Data provided: Begin
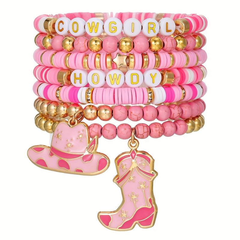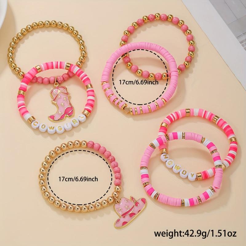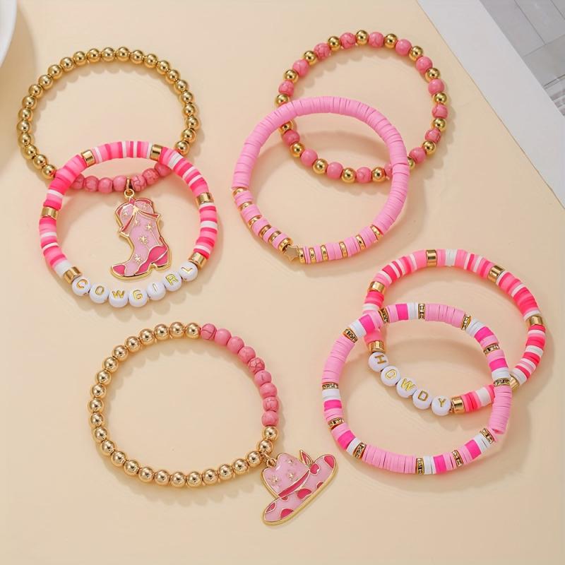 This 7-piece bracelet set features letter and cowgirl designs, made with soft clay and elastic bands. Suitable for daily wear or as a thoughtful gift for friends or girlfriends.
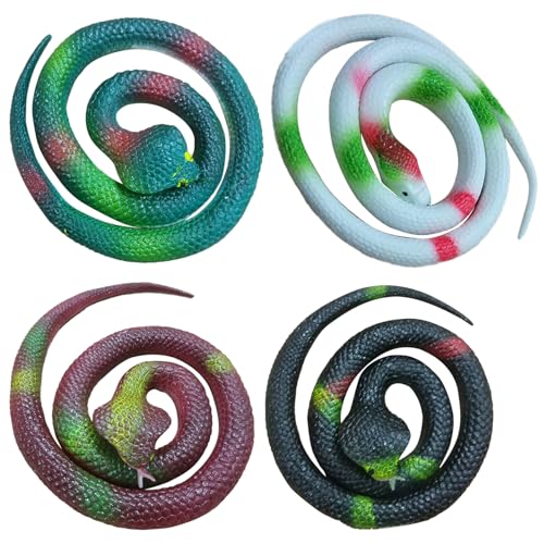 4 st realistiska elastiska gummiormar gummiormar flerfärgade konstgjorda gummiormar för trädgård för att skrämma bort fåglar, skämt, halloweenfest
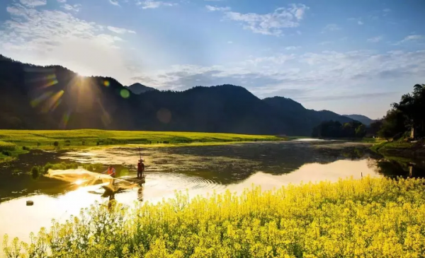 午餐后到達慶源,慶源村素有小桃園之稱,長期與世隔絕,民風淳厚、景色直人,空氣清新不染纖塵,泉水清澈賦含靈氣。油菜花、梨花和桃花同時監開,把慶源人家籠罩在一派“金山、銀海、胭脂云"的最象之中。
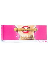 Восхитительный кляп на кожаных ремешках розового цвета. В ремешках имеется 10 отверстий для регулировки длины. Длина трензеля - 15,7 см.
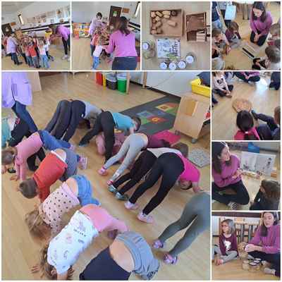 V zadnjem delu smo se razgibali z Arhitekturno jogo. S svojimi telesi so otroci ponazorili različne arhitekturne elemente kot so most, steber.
Data provided: End
Data provided: Begin
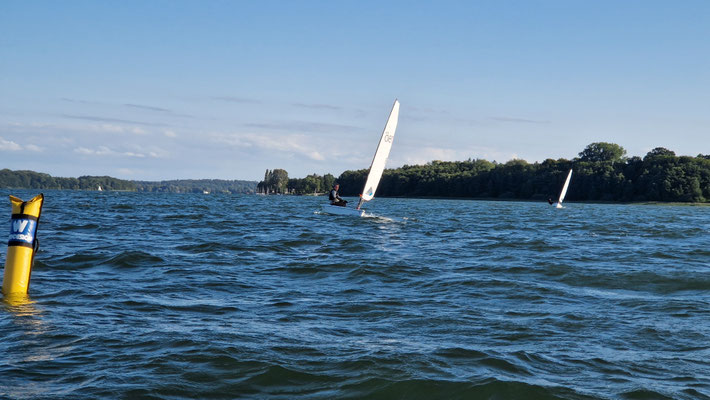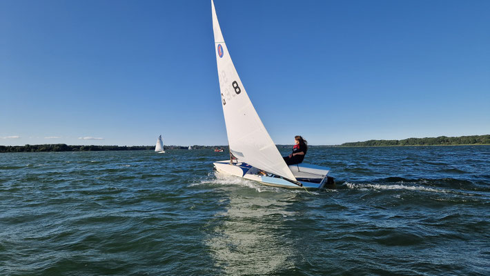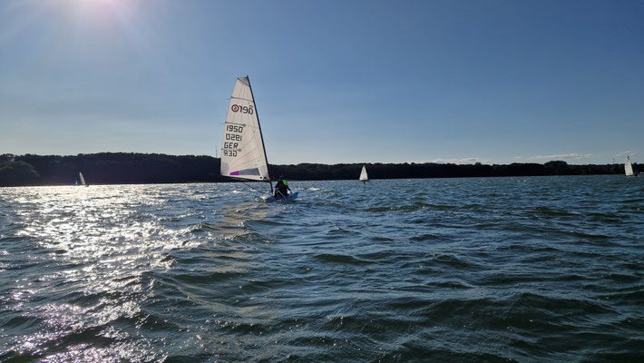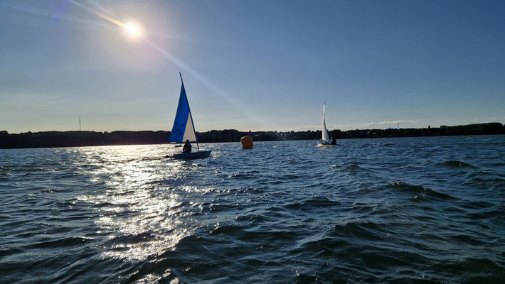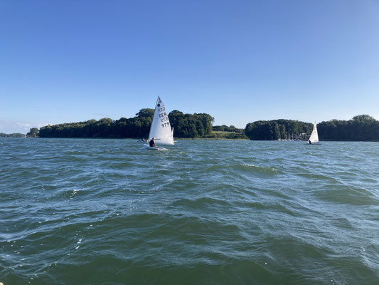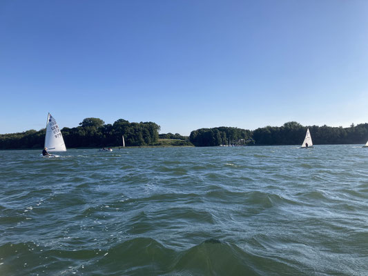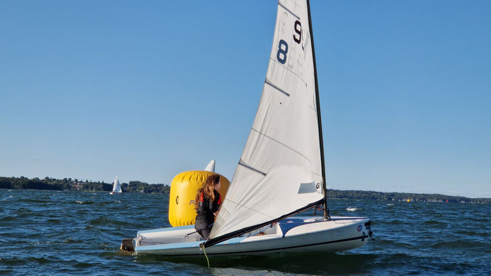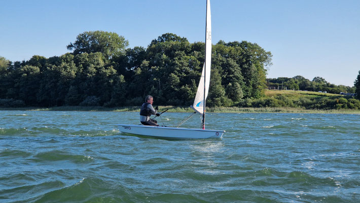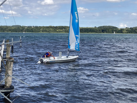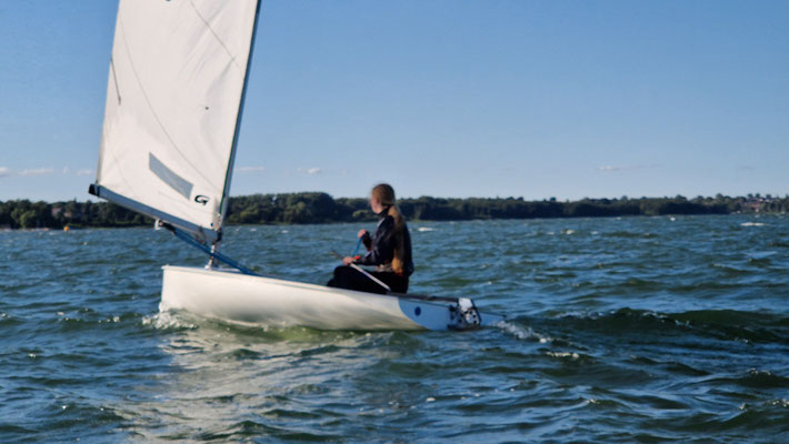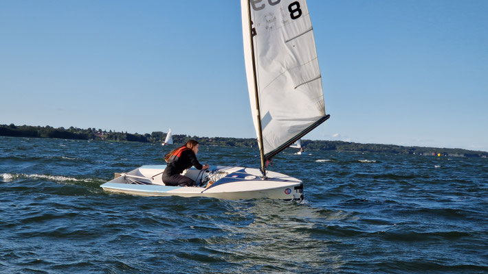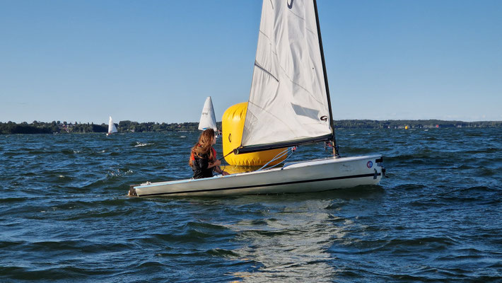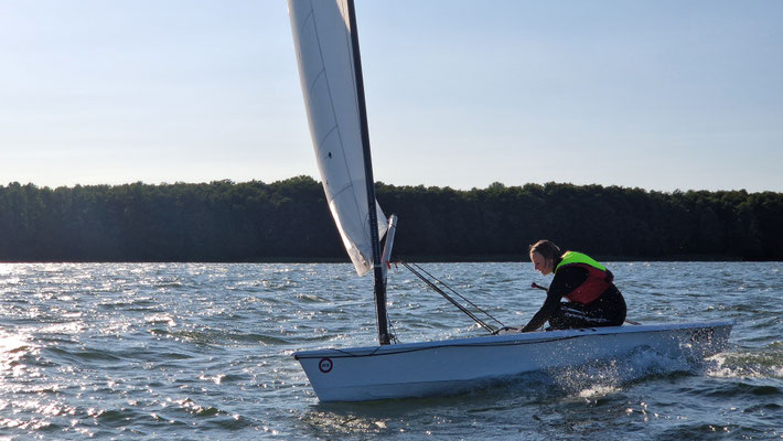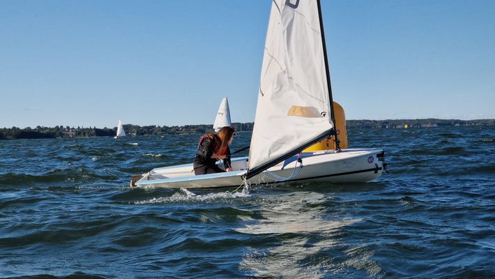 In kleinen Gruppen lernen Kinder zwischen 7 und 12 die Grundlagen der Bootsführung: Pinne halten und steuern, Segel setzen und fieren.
Data provided: End
- [Assigned task] Reproduce word for word, with pictures dropped, only the part of the material above that opens with the line containing "4 st realistiska" and closes with the line containing "V zadnjem delu".

- [Worked solution]
 4 st realistiska elastiska gummiormar gummiormar flerfärgade konstgjorda gummiormar för trädgård för att skrämma bort fåglar, skämt, halloweenfest
 午餐后到達慶源,慶源村素有小桃園之稱,長期與世隔絕,民風淳厚、景色直人,空氣清新不染纖塵,泉水清澈賦含靈氣。油菜花、梨花和桃花同時監開,把慶源人家籠罩在一派“金山、銀海、胭脂云"的最象之中。
 Восхитительный кляп на кожаных ремешках розового цвета. В ремешках имеется 10 отверстий для регулировки длины. Длина трензеля - 15,7 см.
 V zadnjem delu smo se razgibali z Arhitekturno jogo. S svojimi telesi so otroci ponazorili različne arhitekturne elemente kot so most, steber.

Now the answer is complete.